Thank you for the opportunity to provide information to this inquiry. I am responding to this request:

As a Services wife of nearly 30 years;

As a mother of four Services children (currently 24, 22, 19 and 17);

As former Osnabruck Garrison Coordinator (1991–93) for the newly formed Federation of Army Wives (FAW, now the Army Families Federation, AFF); worries over education were frequently raised;

As a university lecturer who has researched and written extensively about parenting (Whatever! and It’s not fair! are both published by Hachette);

As founder and director of Reading Force (www.readingforce.org.uk) which promotes the use of shared reading to assist effective and preferably inter-generational communication within Services families, particularly during periods of separation, deployment and associated stress.

Summary

The children of Armed Forces families often have difficulties in accessing the same standards of education as their civilian counterparts, due to their greater mobility, ongoing anticipated instability within the community they join, and associated inability to plan ahead. All of these factors can have an impact on both levels of engagement within their education and their involvement within the school environment.
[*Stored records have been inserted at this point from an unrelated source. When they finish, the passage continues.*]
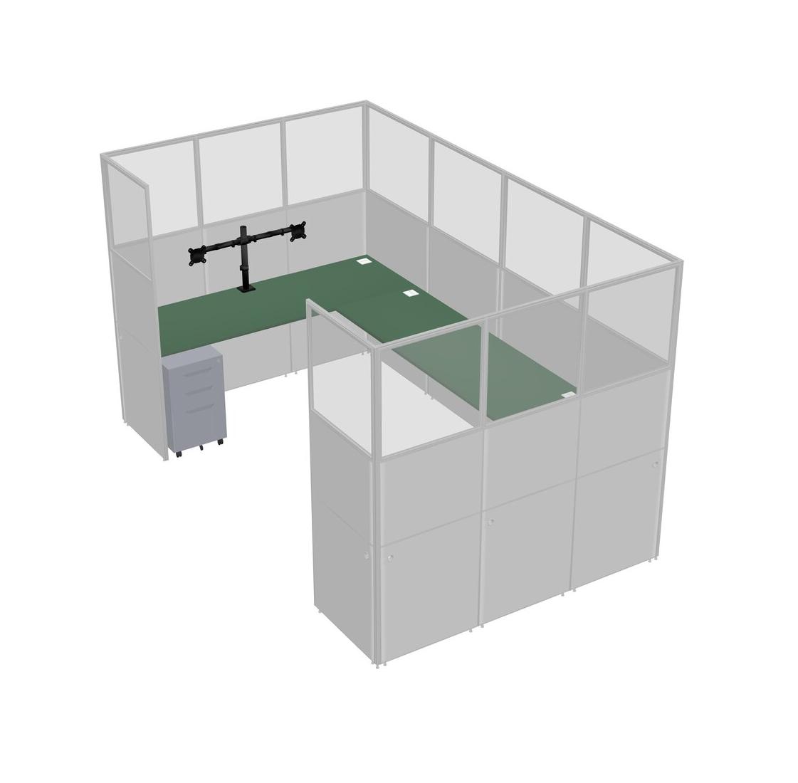 Système De Panneaux Verts En U Pour 1 Personne + Bras D'écran (bras Doubles) + Tiroirs Mobiles En Métal Pour 1 Utilisateur(s)
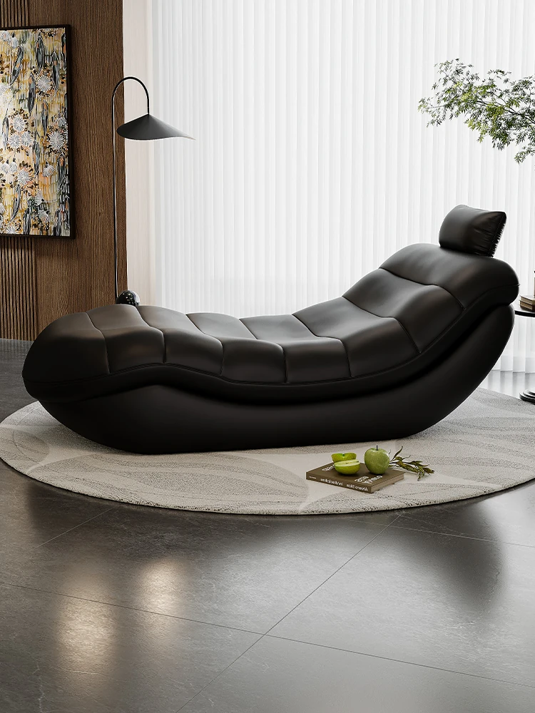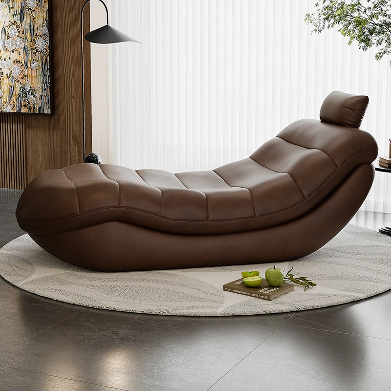 Vintage Genuine Leather Lazy Sofa Rocking Chair - 2025 New Designer Model for Living Room, Hotel, and Balcony - Stylish Single Leisure Chair
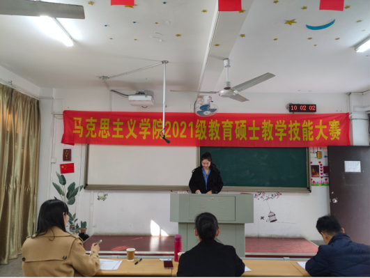 为深入贯彻落实习近平总书记关于教育工作的重要指示精神,适应新形势下的教育教学改革,加强我院学科教学(思政)的教学基本功训练,提升教学技能,展示教师风采,我院于12月19日上午八时在综合楼南区102教室举行了2021级学科教学(思政)研究生教学技能大赛。
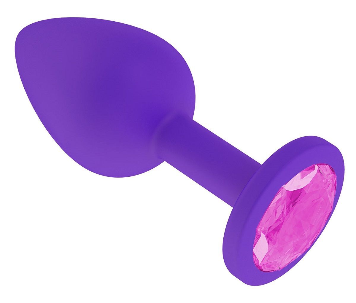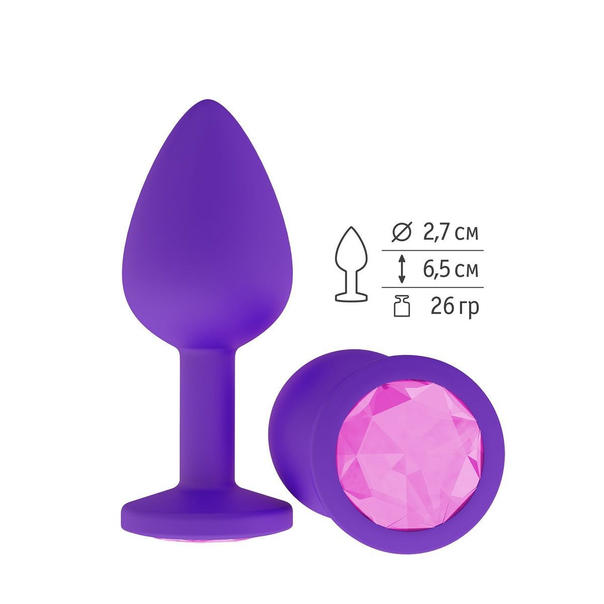 Фиолетовая силиконовая пробка с розовым кристаллом - 7,3 см.
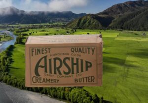 “By 1909, the population of Murchison was 300.25 The first dairy factory was opened in 1909, producing the ‘Airship’ brand of butter, which was transported by wagon to the railhead at Kohatu at night to keep it in good condition. The factory closed in 1973.” – Joy Stephens, The Prow (2017)
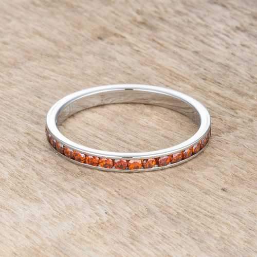 Small dark champagne stones come full circle in this simple and delicate eternity bandBase Metal: Stainless SteelStyle: , Setting Type: ChannelMaterials: , Stone Cut: RoundPlating Color: SilvertoneRing Band Width: 2 MmStone Size: 1.5 Mm
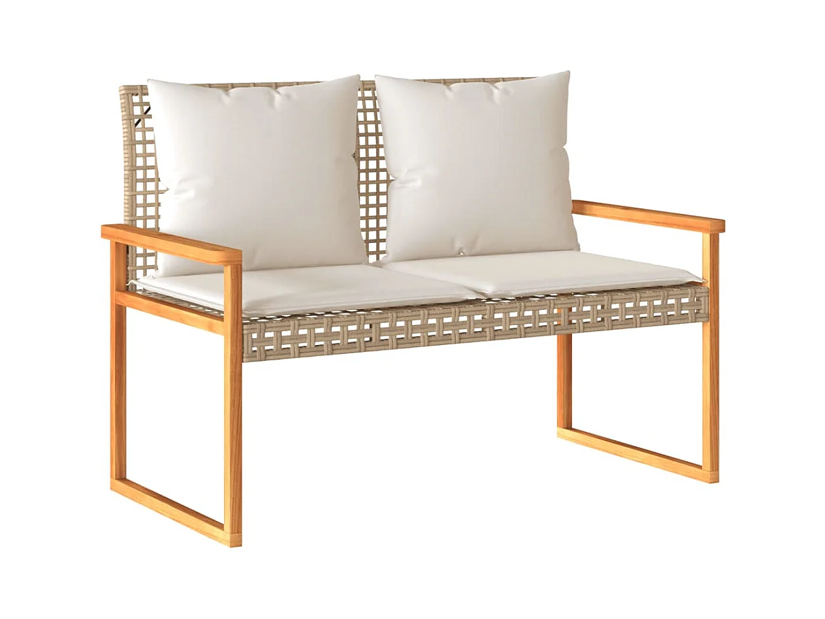 Banco de jardín con cojín resina tejida de acacia mezcla beige
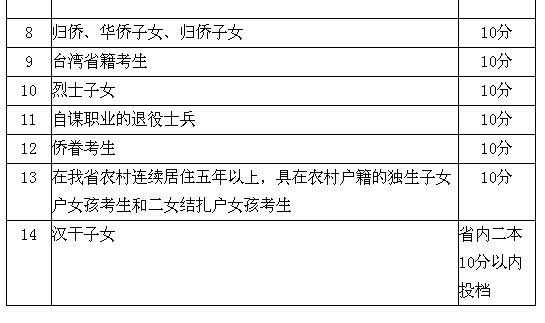 获田径、篮球、足球、排球、乒乓球、武术、游泳、羽毛球等八项其中之一国家二级运动员(含)以上称号并经省招生委员会组织测试合格者,高考加10分; 获其他项目国家二级运动员(含)以上称号者不再享受高考加分政策。
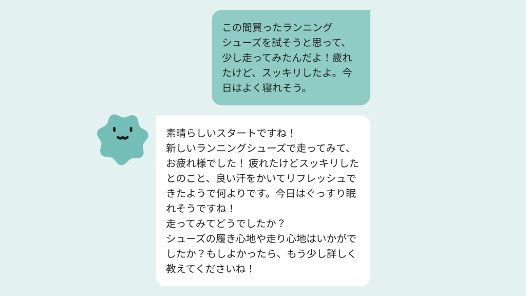 日々の歩数や活動量、睡眠データ、毎日の会話を自動で記録し、ダッシュボードで分かりやすく可視化します。歩数の目標設定機能もあり、AIパートナーとの会話の中で褒められたりと楽しみながら健康習慣の定着をサポートします。
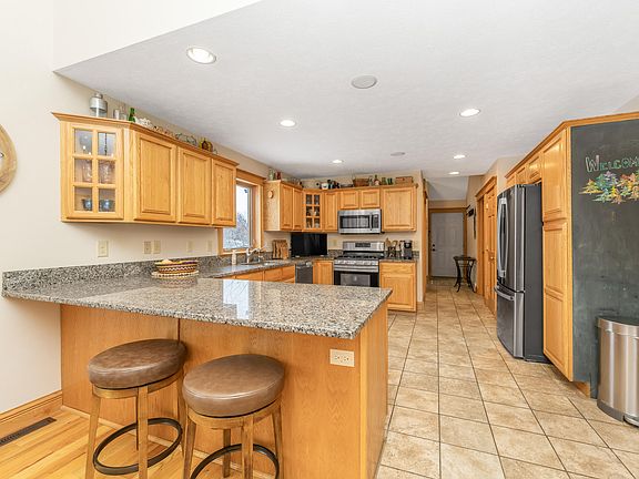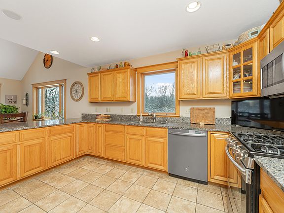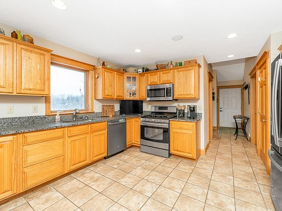 Private acreage with room to roam. This home has many options with an adaptable floor plan. Main floor primary bedroom has large windows for optimal light. The primary bathroom has radiant heat in the floor for the added comfort on winter mornings. The laundry is conveniently located. The kitchen has an open concept into the dining room. Lots of cabinet space and a newer solid surface countertop. The living room has a wood burning fireplace and has access to the covered porch where you can sit and enjoy the nature all around you. Upstairs are two bedrooms, each with dual closets, and a full bath. The lower level walk out could be used as a mother-in-law apartment or a place for a family member to prepare to spread their wings. There is a bedroom, full bath with available washer/dryer hook-ups and a full kitchen with full size appliances. The property is partially fenced for kids or animals. Newer mechanicals and roof. Whole house generator for peace of mind.
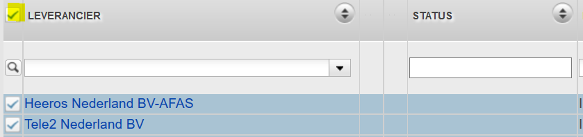 - Na het maken van een selectie kunnen de facturen worden geëxporteerd/naar het archief worden verplaatst door de box voor 'Leverancier' aan te vinken.
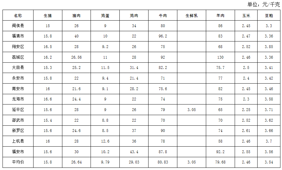 福建省2025年第17周畜产品及饲料集市价格周报
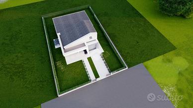 La villa al suo interno e' composta da zona giorno ampia con cucina a vista (volendo si puo' separare dal soggiorno, disimpegno, 2 camere matrimoniali e bagno/lavanderia. Garage collegato all'abitazione. C'è la possibilità di realizzare un soppalco che si affaccia sulla zona giorno dove e' possibile ricavare una stazia o studio. E' possibile inoltre anche apportare modifiche al progetto secondo le proprie esigenze. Cappotto esterno, impianto fotovoltaico, basculante elettrica, pompa di calore.

In general, attitudes towards Services families within schools are improving and levels of awareness of the particular challenges they face increasing. But further developments could usefully both promote their better engagement and highlight the valuable lessons in diversity and change management they potentially offer. Whereas they tend to attract attention for the administrative burden they bring, Services families also have much to offer the schools and communities they become part of.
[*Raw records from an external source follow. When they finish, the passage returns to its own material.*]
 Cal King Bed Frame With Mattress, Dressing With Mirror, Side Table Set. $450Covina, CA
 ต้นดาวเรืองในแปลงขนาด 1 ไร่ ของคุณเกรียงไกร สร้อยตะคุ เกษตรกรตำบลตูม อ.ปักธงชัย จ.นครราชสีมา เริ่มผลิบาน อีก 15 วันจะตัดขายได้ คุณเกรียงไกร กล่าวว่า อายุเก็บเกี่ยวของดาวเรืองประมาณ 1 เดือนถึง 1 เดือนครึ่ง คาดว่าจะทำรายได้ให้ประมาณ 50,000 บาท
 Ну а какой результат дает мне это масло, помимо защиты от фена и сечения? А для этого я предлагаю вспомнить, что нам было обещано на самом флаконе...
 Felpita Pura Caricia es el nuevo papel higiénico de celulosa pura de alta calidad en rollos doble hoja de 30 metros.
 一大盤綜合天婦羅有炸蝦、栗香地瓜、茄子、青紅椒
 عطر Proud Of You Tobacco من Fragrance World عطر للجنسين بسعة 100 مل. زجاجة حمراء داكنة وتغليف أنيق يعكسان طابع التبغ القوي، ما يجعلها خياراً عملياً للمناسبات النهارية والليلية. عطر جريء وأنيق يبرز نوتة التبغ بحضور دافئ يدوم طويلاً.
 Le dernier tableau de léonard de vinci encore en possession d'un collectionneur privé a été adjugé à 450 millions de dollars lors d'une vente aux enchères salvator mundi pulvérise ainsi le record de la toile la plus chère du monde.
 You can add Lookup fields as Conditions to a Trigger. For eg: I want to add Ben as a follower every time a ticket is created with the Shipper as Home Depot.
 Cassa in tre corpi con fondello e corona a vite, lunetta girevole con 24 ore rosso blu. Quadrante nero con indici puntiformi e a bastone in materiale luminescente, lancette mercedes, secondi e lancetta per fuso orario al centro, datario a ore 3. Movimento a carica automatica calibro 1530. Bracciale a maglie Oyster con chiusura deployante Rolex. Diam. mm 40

I would like to offer information on the following specific points.

1. Access to equal standards of education

“Children of members of the Armed Forces should have the same standard of, and access to, education (including early years services) as any other UK citizen in the area where they live.” (The Armed Forces Covenant)

Services’ quarters are generally located close to relevant bases/local services and so families will probably technically have access to associated community schools. In practice, their ability to ensure access is much less certain.
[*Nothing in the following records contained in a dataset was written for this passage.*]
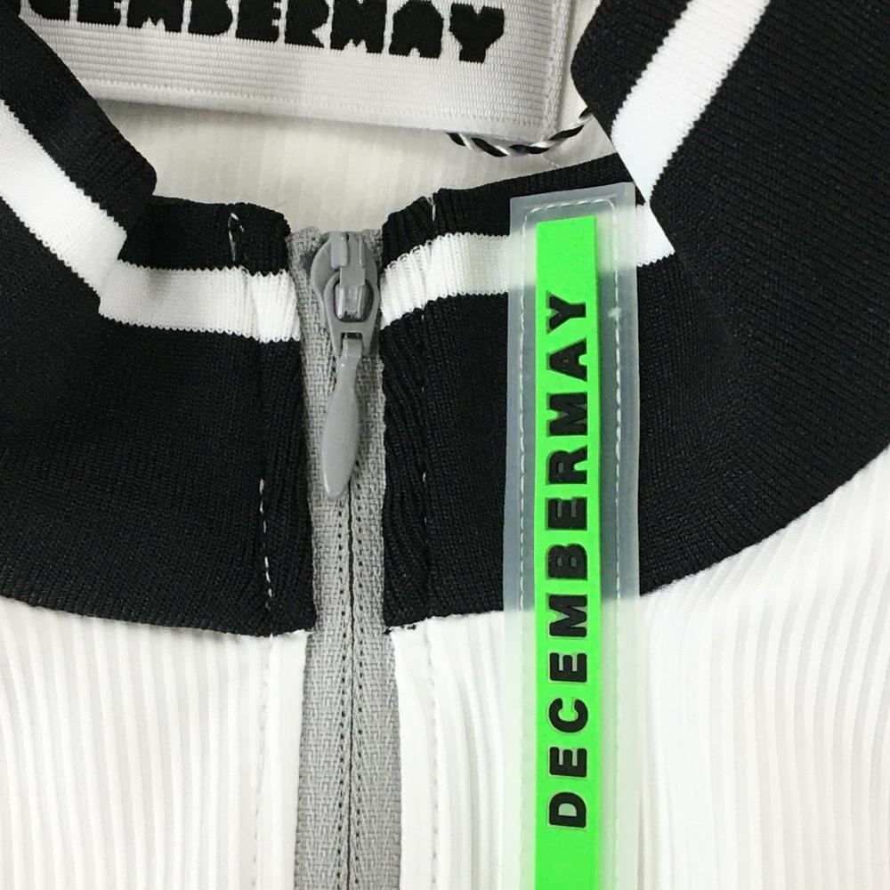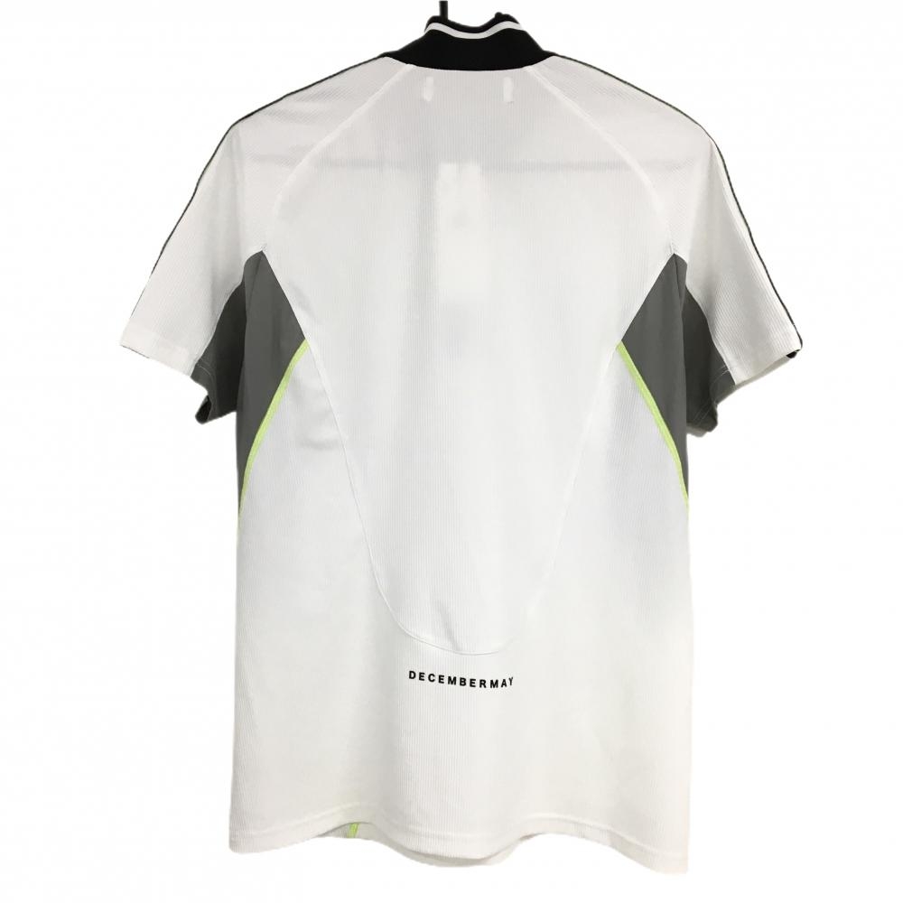 【新品】ディセンバーメイ 半袖ハイネックシャツ 白×黒×蛍光グリーン ハーフジップ メンズ M ゴルフウェア DECEMBERMAY
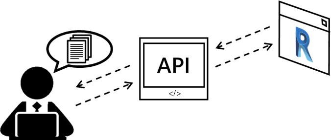 Revit API是Revit提供予使用者的應用程式函式庫,聽不懂?沒關係!讓我們來用一個例子來比喻一下,簡單來說Revit就像是一間餐廳,Revit API就像是餐廳裡的服務生,我們可以通過跟服務生說我們想吃什麼來向餐廳點菜。而服務生就會幫我們跟餐廳說我們需要什麼,並拿來給我們。所以其實Revit API就是一個傳遞我們需求的角色,幫助我們與Revit做資訊上的傳遞(如圖一所示)。
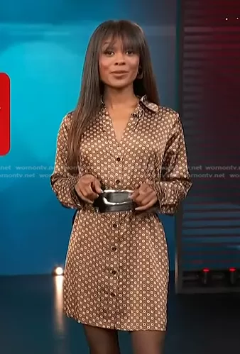 Zuri's brown floral shirtdress on Access Hollywood
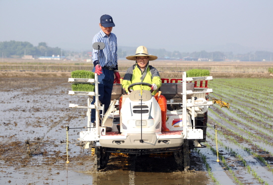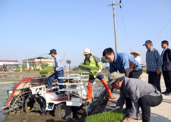 충남 김홍장 당진시장이 17일 모내기를 하는 신평면 신송리 이주한(59세)씨 농가를 방문해 이앙기를 직접 운전하며 벼를 심는 등 농가의 일손을 도왔다고 밝혔다.
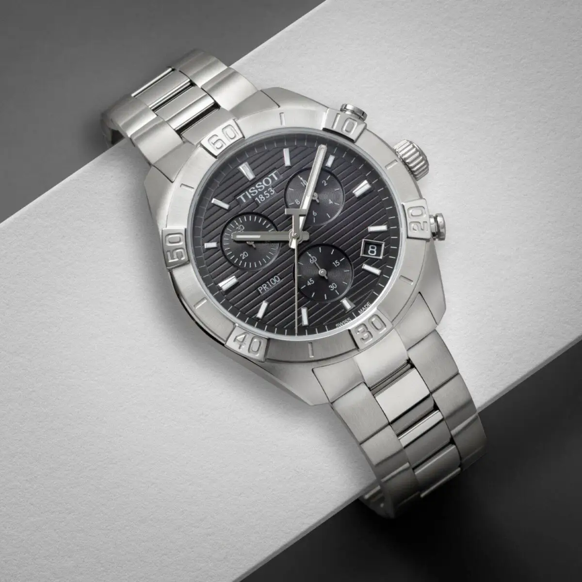 Dây thép không gỉ với khóa gập tôn lên vẻ mạnh mẽ nhưng tinh tế. Tissot PR 100 Sport Gent Chronograph T101.617.11.051.00 là lựa chọn lý tưởng cho quý ông yêu thích sự sang trọng, chức năng và chất lượng Thụy Sĩ, mang phong cách thể thao hiện đại và tinh tế.

Since the detailed monitoring of schools and the public availability of the associated reports/results began, access to the most favoured schools within areas of high population density has become vastly more competitive, and civilian families tend to plan well ahead to achieve places for their children. There are regular reports in the media of how homes with the right postcode for particular schools attract a premium and many associated tales of tactical moves by families keen to achieve access. I have known family planning be similarly orchestrated to ensure continued access to a particularly popular school.

Services parents are denied the ability to long-term plan. No application can be made for a school place until the family has an address, and shortage of quarters in some locations means you often only get allocated a quarter just before a posting—and the school you would have chosen is already full. Popular schools with no remaining places have a waiting list, which is often held by the local educational authority, further distancing the incoming Services families from understanding how the process works. The children of Services families, who arrive late but lack special needs, go to the bottom of the list.

As a personal example of this process in action, we were posted to London just before our eldest son (then rising five) was due to start school, but until we had an address we could not apply for a school place. The move took place in the middle of December and although the local school was anticipating vacancies (ironically due to Services children moving) when we moved it still had no space for him. We eventually heard during the Christmas holidays where he could start school for the first time in January. This was not an ideal beginning to a child’s school career, and provided no chance to prepare him—other than buying the sweatshirts at the last minute. Two years later, on leaving this posting, we were not able to find out whether we had places at the school for our (by then two) school age-children until just before moving. This meant that in our pre-move visit to show the children where they would be living, we were not able to show them their anticipated school.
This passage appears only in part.